▶ **Work order**
The listing below must be repeated word for word, with its images excluded.

Data segment START

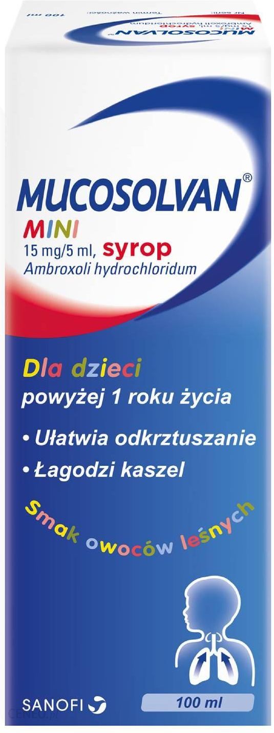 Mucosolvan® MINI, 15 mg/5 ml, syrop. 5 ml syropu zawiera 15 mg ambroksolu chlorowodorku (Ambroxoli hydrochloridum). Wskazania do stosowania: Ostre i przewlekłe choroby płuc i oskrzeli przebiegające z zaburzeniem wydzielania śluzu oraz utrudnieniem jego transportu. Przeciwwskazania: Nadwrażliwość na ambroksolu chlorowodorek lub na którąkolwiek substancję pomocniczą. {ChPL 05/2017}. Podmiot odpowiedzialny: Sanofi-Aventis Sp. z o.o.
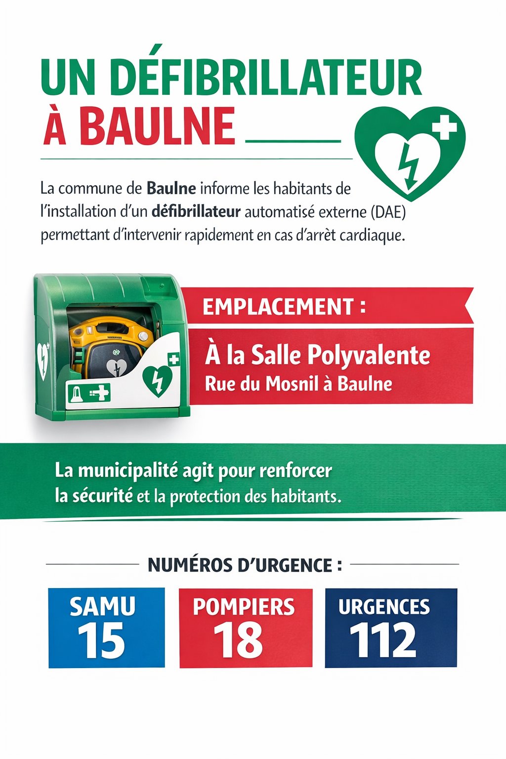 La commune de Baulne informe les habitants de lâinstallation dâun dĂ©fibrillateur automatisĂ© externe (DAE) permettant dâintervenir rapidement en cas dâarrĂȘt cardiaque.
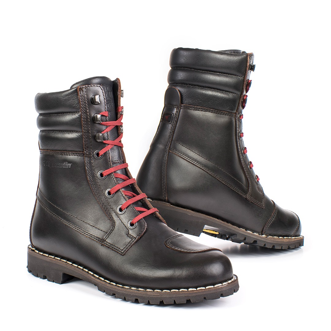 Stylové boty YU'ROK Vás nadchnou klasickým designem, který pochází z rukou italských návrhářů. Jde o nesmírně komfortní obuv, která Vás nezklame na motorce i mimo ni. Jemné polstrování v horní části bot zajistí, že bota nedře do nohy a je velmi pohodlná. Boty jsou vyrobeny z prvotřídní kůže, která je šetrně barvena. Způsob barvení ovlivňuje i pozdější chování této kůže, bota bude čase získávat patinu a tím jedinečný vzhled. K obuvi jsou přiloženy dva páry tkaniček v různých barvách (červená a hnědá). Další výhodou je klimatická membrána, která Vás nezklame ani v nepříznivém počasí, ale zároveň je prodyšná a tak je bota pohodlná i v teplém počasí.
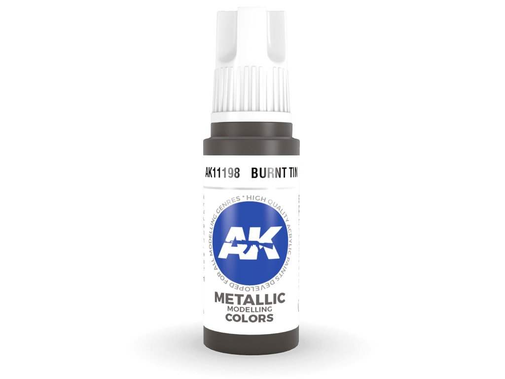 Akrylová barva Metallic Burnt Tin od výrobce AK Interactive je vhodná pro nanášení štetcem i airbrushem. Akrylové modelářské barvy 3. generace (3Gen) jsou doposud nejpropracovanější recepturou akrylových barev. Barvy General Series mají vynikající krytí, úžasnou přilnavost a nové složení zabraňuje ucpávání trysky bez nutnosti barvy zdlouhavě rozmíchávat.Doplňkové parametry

Data segment END

▶ **Solution to this problem**
 Mucosolvan® MINI, 15 mg/5 ml, syrop. 5 ml syropu zawiera 15 mg ambroksolu chlorowodorku (Ambroxoli hydrochloridum). Wskazania do stosowania: Ostre i przewlekłe choroby płuc i oskrzeli przebiegające z zaburzeniem wydzielania śluzu oraz utrudnieniem jego transportu. Przeciwwskazania: Nadwrażliwość na ambroksolu chlorowodorek lub na którąkolwiek substancję pomocniczą. {ChPL 05/2017}. Podmiot odpowiedzialny: Sanofi-Aventis Sp. z o.o.
 La commune de Baulne informe les habitants de lâinstallation dâun dĂ©fibrillateur automatisĂ© externe (DAE) permettant dâintervenir rapidement en cas dâarrĂȘt cardiaque.
 Stylové boty YU'ROK Vás nadchnou klasickým designem, který pochází z rukou italských návrhářů. Jde o nesmírně komfortní obuv, která Vás nezklame na motorce i mimo ni. Jemné polstrování v horní části bot zajistí, že bota nedře do nohy a je velmi pohodlná. Boty jsou vyrobeny z prvotřídní kůže, která je šetrně barvena. Způsob barvení ovlivňuje i pozdější chování této kůže, bota bude čase získávat patinu a tím jedinečný vzhled. K obuvi jsou přiloženy dva páry tkaniček v různých barvách (červená a hnědá). Další výhodou je klimatická membrána, která Vás nezklame ani v nepříznivém počasí, ale zároveň je prodyšná a tak je bota pohodlná i v teplém počasí.
 Akrylová barva Metallic Burnt Tin od výrobce AK Interactive je vhodná pro nanášení štetcem i airbrushem. Akrylové modelářské barvy 3. generace (3Gen) jsou doposud nejpropracovanější recepturou akrylových barev. Barvy General Series mají vynikající krytí, úžasnou přilnavost a nové složení zabraňuje ucpávání trysky bez nutnosti barvy zdlouhavě rozmíchávat.Doplňkové parametry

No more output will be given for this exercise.